# Just finished project R34.



## sky101 (Apr 21, 2004)

Hi chaps and chap'esses,
Been working hard all summer on a new look for my R34 GTR. See what you think. She's just been dyno'ed at Rising Sun performance and she reached 591 bhp. Still a bit more to do yet but let me know what you think so far.


----------



## magoo (Nov 7, 2005)

looks very good


----------



## SmigzyGTR (Mar 20, 2006)

cracking rear clusters mate 

Lovely car BTW, any engine bay pics?


----------



## GTRalex (Jan 21, 2005)

looks amazing very good job!


----------



## Unique A/S (Jan 9, 2005)

very nice !

10 out of 10

A+

great color. what wing is that??


----------



## The Great One (May 14, 2003)

looks much better now mate :clap:


----------



## NuttyRB26 (Jul 9, 2006)

Like that! :thumbsup: The Do-luck kit, spoiler and rims look nice on it! I like the colour too!


----------



## sparks (May 10, 2005)

Looks great mate , could you tell me what brakes you have front and back as i am looking to do an upgrade myself , pm if more appropriate as a guideline cost would be great as well !!

Thanks very much,

Sparks


----------



## Hedgehog Dodger (Jul 13, 2004)

:clap: to the car

 to the colour

:bowdown1: to the bird!


----------



## gtrlux (Mar 8, 2006)

Nice color choice, I love the light blues . . ..:clap: :clap:


----------



## Bandit (Jul 2, 2004)

That is simply stunning. The cars nice too. :bowdown1: opcorn:


----------



## 4age (Mar 18, 2005)

Very Nice Color!

Only thing I would change ist to remove the GT-R sign at the front and paint the 
wire web black (would look much more agressive!). Else :bowdown1: Are those Alcon Brakes? More Pics please :thumbsup:


----------



## mava_rules (Feb 22, 2006)

where did you get that spioler? and what is it called/type.
thinking about fitting to my 32 gtr.

car looks awsome, very nice indeed.


----------



## tails (Mar 10, 2006)

sexual am i wrong but were you in top gear??


----------



## Pulse D (Mar 26, 2005)

Very nice:clap:


----------



## Marky_GTSt (Dec 31, 2005)

Love the colour.... Thats really quite striking


----------



## sky101 (Apr 21, 2004)

*Glad you like it so far.*

To answer a few questions for you.

The brakes are by Alcon. Got them from Sumo power.

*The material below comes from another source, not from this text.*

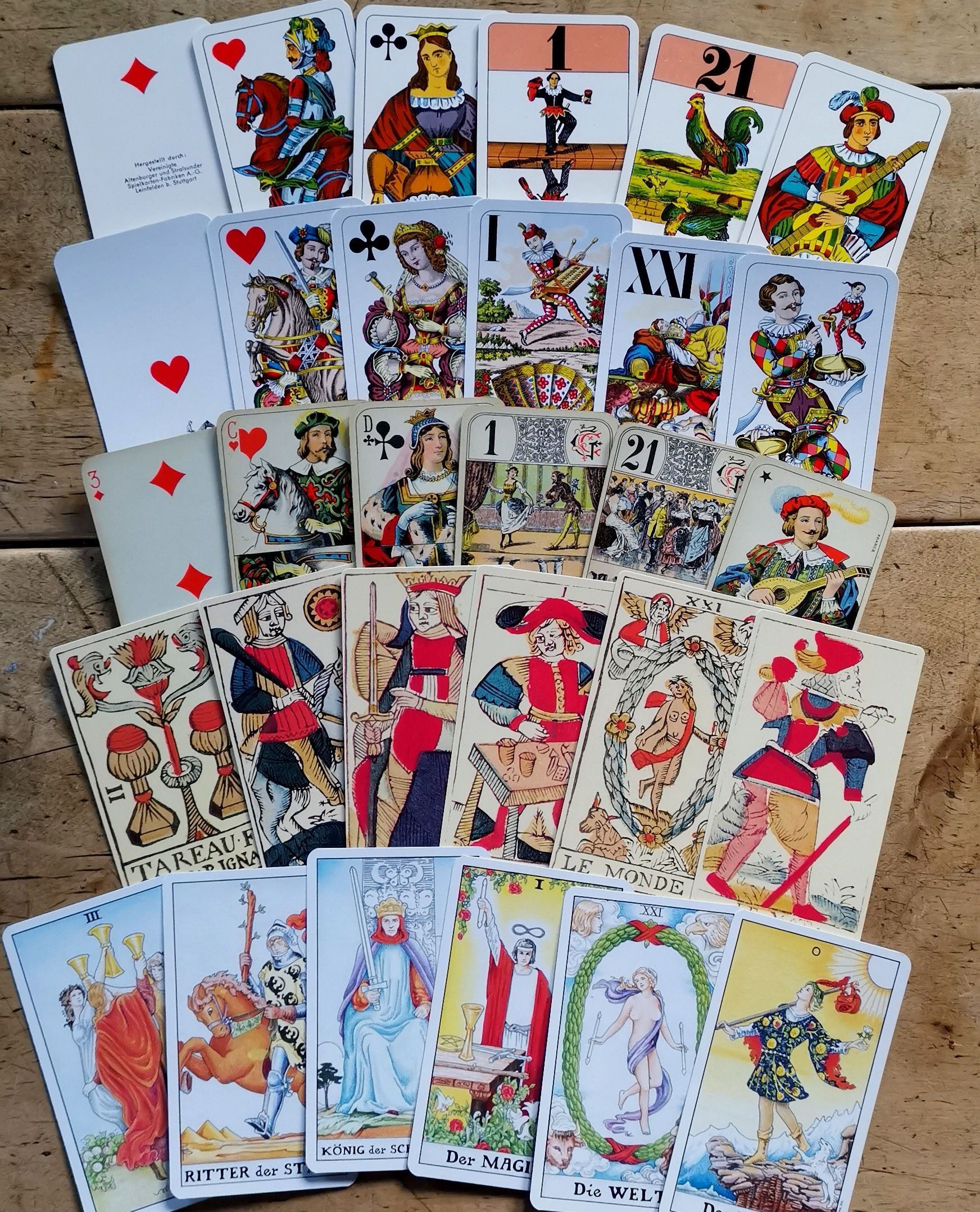In der letzten Reihe ist das Wait-Tarot mit 78 Karten aus dem Jahr 1910 zu sehen. Dieses Tarockblatt wird im Internet am weitaus häufigsten verkauft. Es wird bis heute ausschließlich zur Wahrsagerei genutzt. Auf einer Reise nach Skandinavien hatten wir das Vergnügen in einer Jugendherberge einer jungen Wahrsagerin ihre Karten zu entleihen und damit Cego zu spielen. Es ist gewöhnungsbedürftig, ging aber zum Schluss ohne Schwierigkeiten. Die Wahrsagerin war darüber nicht begeistert ;-)

Their not cheep, £1900+vat for the fronts, £1600+vat for the rears but I must say they really do work well ! !
It's a Do-luck rear spoiler, again from Sumo power. It's the same one as they have on their pink 350Z drift car. Costs about £1000.

And as requested, a few more pics.


----------



## The Great One (May 14, 2003)

cant quite get all the picture in my 80 inch screen:chairshot


----------



## Rudolf (Oct 6, 2005)

The gap between the hood and the front didn't look good, And the hood itself wasen't my cup o tea. I would rather had done a TS or Nismo.

Cheers
Dennis


----------



## Chou (Apr 18, 2005)

awesome car mate! Just needs a bonnet lip in my humble opinion. Fantastic motor tho :thumbsup:


----------



## GTRJack (Aug 27, 2005)

Very nice paint job but is there something missing at the front grill?

Sorry I'm not a fan of that rear wing but overall very nice R34


----------



## gtrlux (Mar 8, 2006)

sky101 said:


>


 . .looks like the GTR is going to eat them all . . . bon appetit!


----------



## Nick MW (Aug 15, 2003)

Stunning looking car :smokin: 

I guess it is just missing the bonnet lip??


----------



## sky 1t (Nov 5, 2004)

Love the 2nd lot of pics, your talking my language now fella!:thumbsup:


----------



## Shakey Finch (Jul 5, 2005)

wicked car mate, only wish I had half as much taste as you! pmsl


----------



## Demon Dave (Sep 15, 2002)

Very, very nice.  

Not too keen on the spoiler, a little OTT for me, but the rest of the car is spot on :smokin:


----------



## Alex j B (Apr 24, 2004)

I saw this at Max Power live, unfortunately is was so blocked in with crap on the stand I couldn't get any good shots of it!

Absolutely gorgeous, perfect colour, one of the nicest kits, and the power to back it all up!

I think it might be better with Ganador door mirrors though and maybe the bonnet painted body colour, other than that its spot on! :thumbsup: 

Alex B


----------



## sky101 (Apr 21, 2004)

*Somethink missing from the front ?*

Your absolutly right chaps, there is somethink missing from the front. Still got part of the body kit that fits under the very front of the bonnet. Just have'nt had time to fit it yet.
As for the all the boxes around the car at Max power, your right. I was well chuffed when Kicker asked me to show the car at Max power, but the cars possition, and the boxes around it never really done the car justice.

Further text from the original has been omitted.